[Provided data]:
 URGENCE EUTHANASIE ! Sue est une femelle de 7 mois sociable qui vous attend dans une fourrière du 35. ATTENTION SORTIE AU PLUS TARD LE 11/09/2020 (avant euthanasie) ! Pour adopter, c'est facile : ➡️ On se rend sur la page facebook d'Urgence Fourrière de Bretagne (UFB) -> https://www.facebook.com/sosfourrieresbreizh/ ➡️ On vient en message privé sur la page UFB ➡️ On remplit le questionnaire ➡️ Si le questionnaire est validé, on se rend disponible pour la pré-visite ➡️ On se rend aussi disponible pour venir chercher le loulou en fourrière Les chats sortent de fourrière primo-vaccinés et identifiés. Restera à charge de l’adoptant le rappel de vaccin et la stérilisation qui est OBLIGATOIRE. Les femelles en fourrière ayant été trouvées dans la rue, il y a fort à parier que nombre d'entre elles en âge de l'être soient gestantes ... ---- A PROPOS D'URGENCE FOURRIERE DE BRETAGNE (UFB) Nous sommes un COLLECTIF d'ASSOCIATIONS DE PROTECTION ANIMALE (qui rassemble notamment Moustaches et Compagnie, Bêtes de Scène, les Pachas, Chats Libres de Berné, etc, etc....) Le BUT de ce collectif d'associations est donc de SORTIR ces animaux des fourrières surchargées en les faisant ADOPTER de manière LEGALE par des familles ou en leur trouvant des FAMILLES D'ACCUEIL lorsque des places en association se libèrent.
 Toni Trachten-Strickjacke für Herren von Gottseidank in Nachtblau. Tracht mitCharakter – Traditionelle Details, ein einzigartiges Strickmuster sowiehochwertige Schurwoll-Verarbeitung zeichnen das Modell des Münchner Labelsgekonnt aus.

...

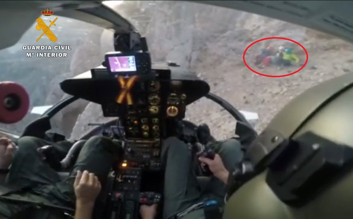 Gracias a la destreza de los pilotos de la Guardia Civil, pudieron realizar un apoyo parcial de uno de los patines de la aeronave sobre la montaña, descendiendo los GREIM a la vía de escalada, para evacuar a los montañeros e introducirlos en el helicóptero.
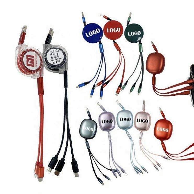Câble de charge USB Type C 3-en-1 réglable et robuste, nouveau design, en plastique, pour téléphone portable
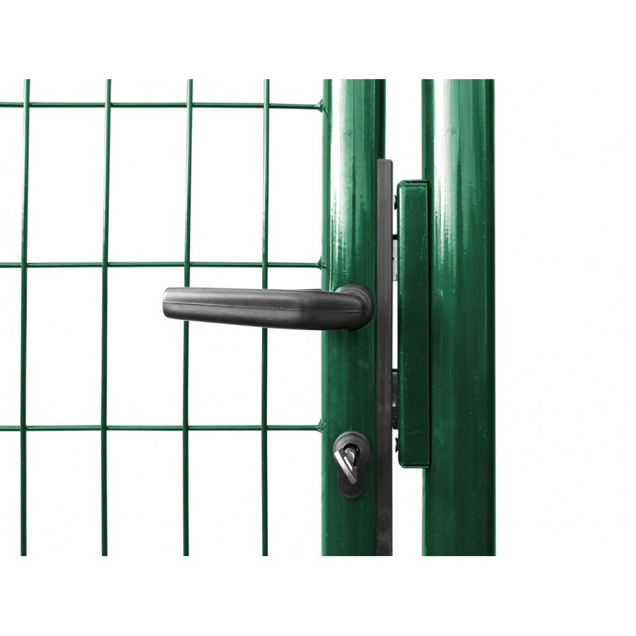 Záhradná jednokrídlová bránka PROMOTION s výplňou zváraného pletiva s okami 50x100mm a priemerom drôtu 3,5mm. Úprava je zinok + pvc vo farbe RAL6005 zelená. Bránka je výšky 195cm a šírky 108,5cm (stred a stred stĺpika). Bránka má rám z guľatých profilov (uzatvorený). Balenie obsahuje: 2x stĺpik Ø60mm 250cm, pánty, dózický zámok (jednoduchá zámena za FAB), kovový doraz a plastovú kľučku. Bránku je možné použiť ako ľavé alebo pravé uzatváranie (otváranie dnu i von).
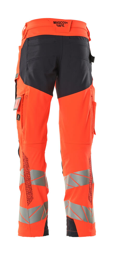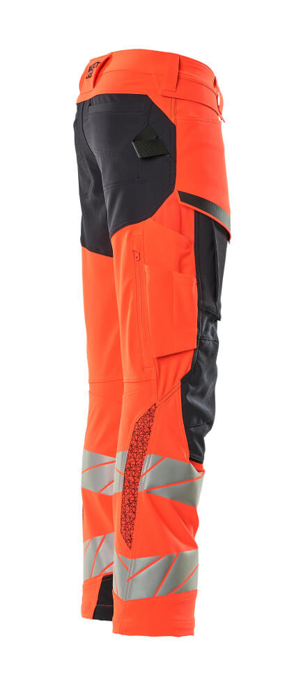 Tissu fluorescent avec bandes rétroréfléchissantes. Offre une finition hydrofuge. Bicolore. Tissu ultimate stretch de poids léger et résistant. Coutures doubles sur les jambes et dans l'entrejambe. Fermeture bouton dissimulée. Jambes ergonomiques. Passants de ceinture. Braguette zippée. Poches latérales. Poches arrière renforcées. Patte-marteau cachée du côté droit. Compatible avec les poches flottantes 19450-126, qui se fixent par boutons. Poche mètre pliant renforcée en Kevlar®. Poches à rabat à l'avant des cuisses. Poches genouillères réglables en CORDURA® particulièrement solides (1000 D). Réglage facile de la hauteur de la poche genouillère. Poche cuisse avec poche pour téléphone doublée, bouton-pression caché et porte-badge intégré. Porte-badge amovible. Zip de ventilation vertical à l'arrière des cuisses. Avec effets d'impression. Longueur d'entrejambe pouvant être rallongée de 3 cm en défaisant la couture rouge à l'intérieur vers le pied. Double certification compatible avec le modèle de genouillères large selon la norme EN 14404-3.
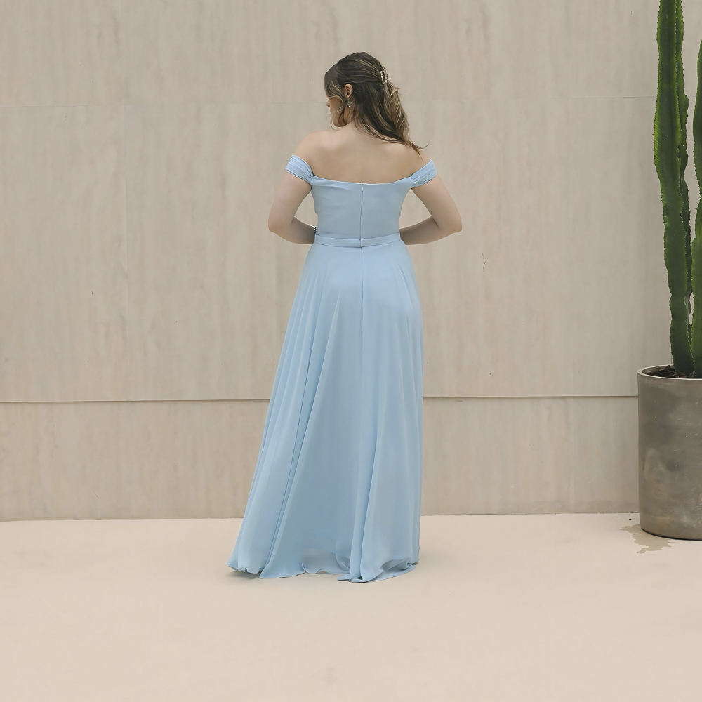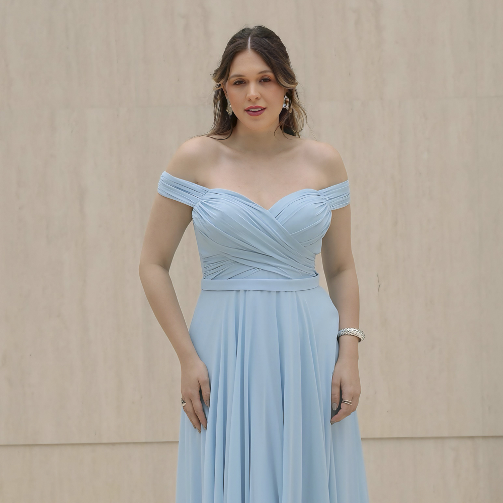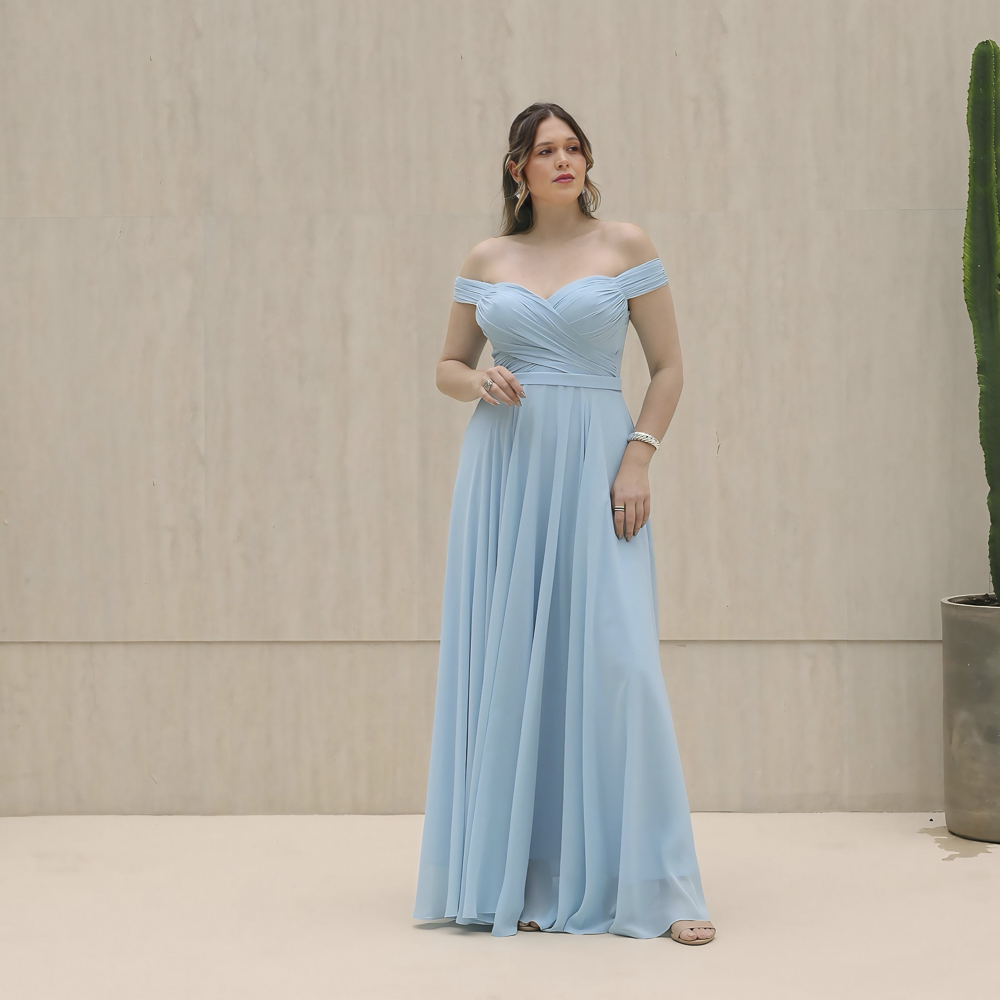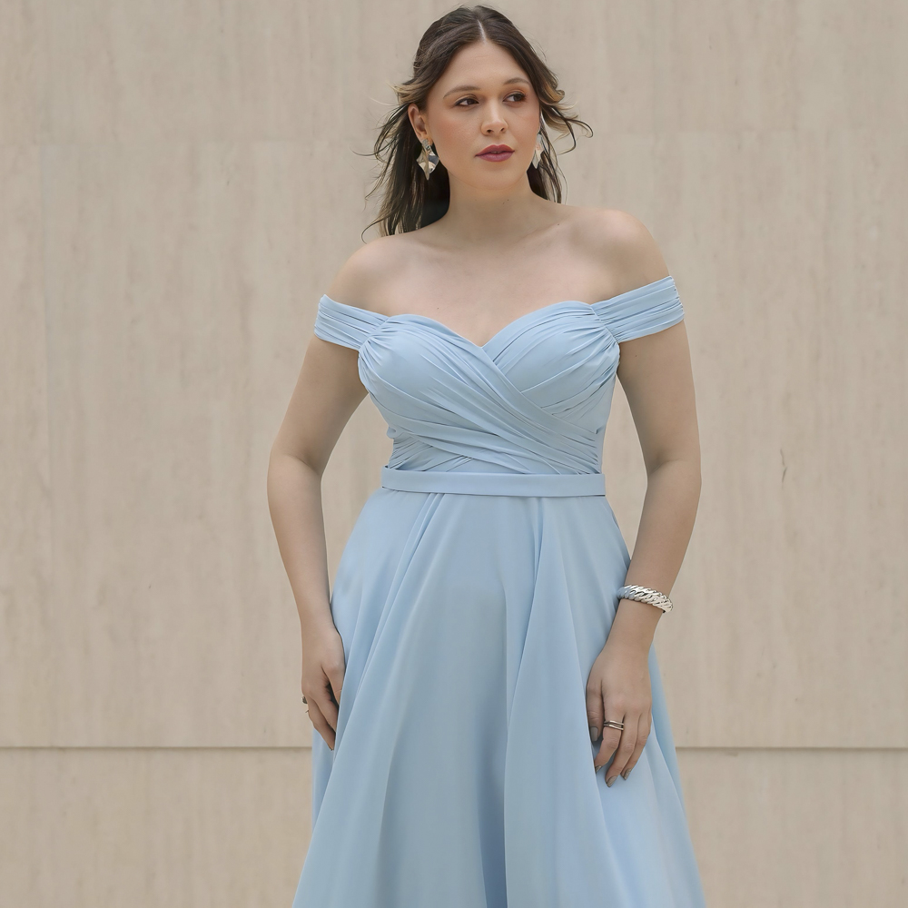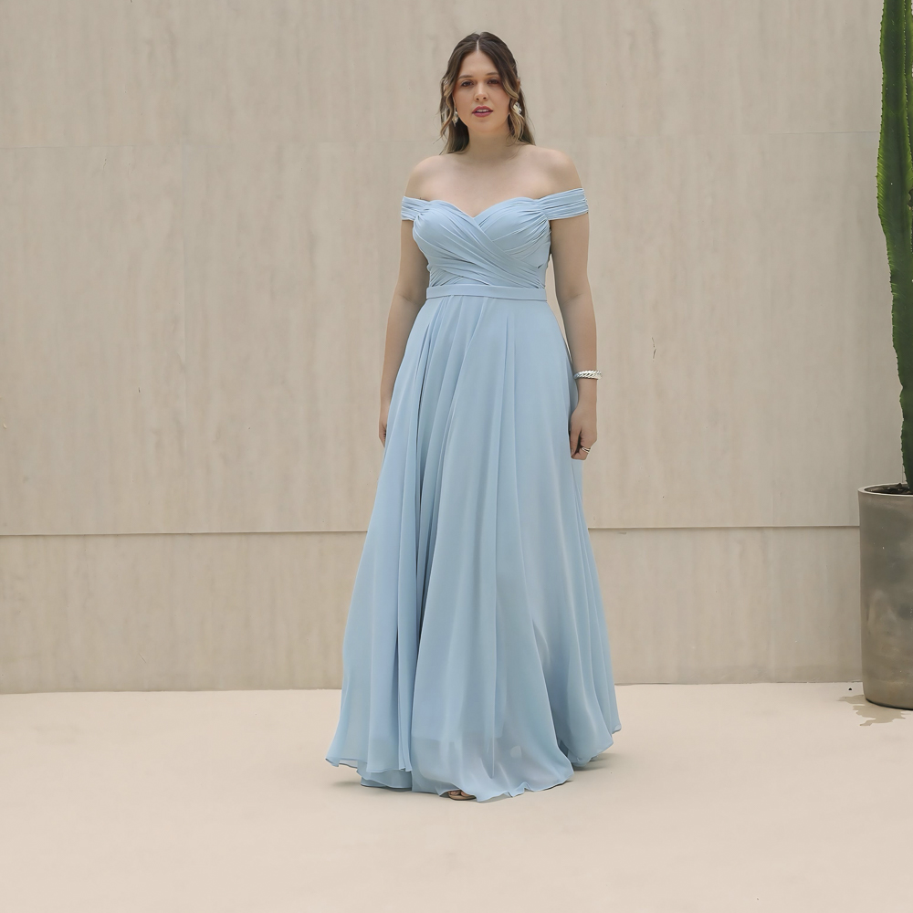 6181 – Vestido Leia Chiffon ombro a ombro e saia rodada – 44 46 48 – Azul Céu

[What to do]: Print nothing except the lines above from the one containing "Câble de charge" down to the one containing "Záhradná jednokrídlová bránka", both included, exactly as written and free of pictures.

[Solution below]:
Câble de charge USB Type C 3-en-1 réglable et robuste, nouveau design, en plastique, pour téléphone portable
 Záhradná jednokrídlová bránka PROMOTION s výplňou zváraného pletiva s okami 50x100mm a priemerom drôtu 3,5mm. Úprava je zinok + pvc vo farbe RAL6005 zelená. Bránka je výšky 195cm a šírky 108,5cm (stred a stred stĺpika). Bránka má rám z guľatých profilov (uzatvorený). Balenie obsahuje: 2x stĺpik Ø60mm 250cm, pánty, dózický zámok (jednoduchá zámena za FAB), kovový doraz a plastovú kľučku. Bránku je možné použiť ako ľavé alebo pravé uzatváranie (otváranie dnu i von).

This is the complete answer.